The game moves quick, throwing rails, concrete, and other obstacles at you at high speed. Sure you can slow down, but that means you might stop, which ends your run. So, you'll play at top-speed, throwing out tricks and manuals one after the other, hoping you don't mistime a landing or faceplant into an obstacle. OlliOlli2 touts a system featuring over 540 tricks, but I'm positive I only used a fraction of that during my hurried attempts. "Stay upright, land that trick!" your mind will scream at you as you glide across a rail with giant robots in the background. OlliOlli2 will have you diving into a world of white-knuckle zen and focus.
OlliOlli 2 demands a great deal of time and effort from you, but if you put in the hours, it's
Every stage has five challenges, ranging from achieving a certain score, to grabbing items within the level, to performing certain tricks. Finish all of five challenges and you'll unlock the Pro levels. Finish the challenges in those levels and you'll unlock RAD mode. You'll play ever level multiple times just to complete the challenges or push yourself a bit higher up the leaderboards. (You'll never reach the top.) Every level will test your skills and the durability of your thumbs. Seriously, OlliOlli2 will mess up the sweet, sweet flesh on your left thumb, simply from holding the analog stick is various directions.
Beyond the base game, developer Roll7 also offers up a few other modes of play. There's the Daily Grinds, which give you a short course, a few practice runs, and a single real run for a spot on the daily online leaderboards. Spots are similar to the Daily Grinds, but are single-player and can be played over and over again. Then there's Combo Rush, a four-player split-screen mode allowing you to trick and fail with your friends.

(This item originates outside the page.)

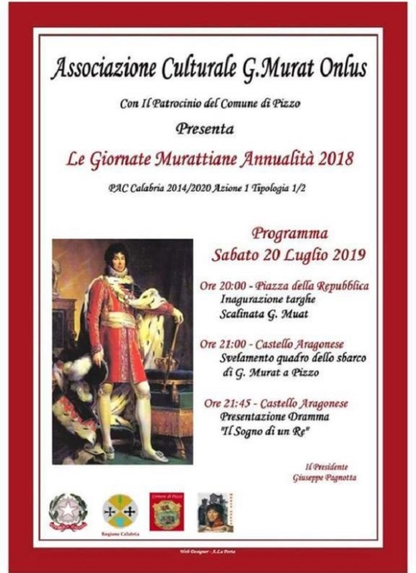 PIZZO - "La capacità emozionale di questa terra, catturata dalle pagine di un diario di viaggio ed immortalata nello scatto di uno smartphone per raccontare il patrimonio a 360 gradi: da quello delle tradizioni e culturale, con le chiese ed i tesori artistici di straordinaria particolarità; a quello paesaggistico che consente immersioni nel verde e su vette altissime e in pochi minuti, di raggiungere e tuffarsi nel Tirreno. La valorizzazione dei beni storici e culturali e la diffusione della conoscenza della Storia e dei personaggi che hanno contribuito a scriverla, come nel caso di Gioacchino Murat. Bellezza e conoscenza rappresentano il filo conduttore che legano tra loro gli appuntamenti della programmazione socio-culturale estiva 2019 di Pizzo proposta dall’Amministrazione Comunale in sinergia con la rete delle associazioni cittadine". È quanto fa sapere l’assessore alla cultura Giorgia Andolfi esprimendo soddisfazione anche a nome del Sindaco Gianluca Callipo per il successo di partecipazione fatto registrare per gli eventi culturali che hanno già scandito ed impreziosito queste prime settimane di luglio. Si arte domani con "Premiazione eccellenza di calabria – la calabria che lavora, si muove e si afferma", promosso dall’associazione Socialmente, patrocinato dal Consiglio Regionale della Calabria, dalla Camera di Commercio di Vibo Valentia e dall’Amministrazione Comunale, l’evento si terrà alle ore 19 di domani, nel Castello Murat. I lavori saranno coordinati dalla conduttrice televisiva ed attrice Larissa Volpentesta, insieme all’assessore Andolfi. Interverranno i consiglieri regionali Domenico Battaglia, Franco Sergio e Michele Mirabello, il Presidente della Camera di Commercio di Vibo Valentia Sebastiano Caffo, il Sindaco e Presidente dell’Anci Calabria Gianluca Callipo ed il Presidente del Consiglio della Regione Calabria Nicola Irto. Il prossimo appuntamento e sabato: "Le giornate Murattiane", alle 20 in Piazza della Repubblica dove sarà inaugurata la targa della scalinata Murat. A seguire, alle 21 al Castello Aragonese sarà scoperto il quadro dello sbarco di Gioacchino Murat a Pizzo. Alle 21 e 45 si terrà, infine, la presentazione del dramma Il sogno di un Re. L’evento è a cura dell’associazione culturale Gioacchino Murat Onlus presieduta dal Giuseppe Pagnotta. Domenica dalle 18.30 al Castello Murat, sarà la volta di "La Calabria sul comò" evento patrocinato dall’Amministrazione Comunale e promosso in collaborazione con le associazioni Nish, Kairos e Streusa. Racconti di viaggio e non solo. Coordinati da Erica Tuselli, ne discutono e condividono il racconto Giuseppe Paletta.

OlliOlli2 is also backed up by an amazing electronic soundtrack. When you're in the throes of deep focus, you'll find the tunes Roll7 chose are perfect. They never get old, which is good, because you'll be seeing certain levels again and again, meaning you'll be listening to those songs again and again.
OlliOlli2 demands a great deal of time and effort from you, but if you put in the hours, it's absolutely fun and rewarding. If you're a fan of titles like Tony Hawk Pro Skater or SSX, this is their 2D cousin and it's worth a look. You can blow through OlliOlli2 quickly, but once the game really gets its claws into you, you'll be hooked for a long time. You'll spend a lot of time failing at OlliOlli2, but the game itself is a complete success.
Feelings of Self-Doubt
You will fail so many times in OlliOlli 2. It's not the game, it's you. If only you were better, you'd be a winner.
You'll never see the end of OlliOlli 2 unless you are pure and amazing.
The soundtrack includes music from Cid Rim, Lone, Faulty DL, and Submerse. I have no clue who they are, but they do good music.
Simple and solid. You always know what you can trick on and what will kill you.
OlliOlli 2 will test you. The controls are simple and straightforward, but success requires precision. Across 50 levels and five worlds, you will trick, you will combo, you will fail, and finally... you will succeed. OlliOlli 2 is a wonderfully tight zen experience from beginning to end. It's worth the price of admission.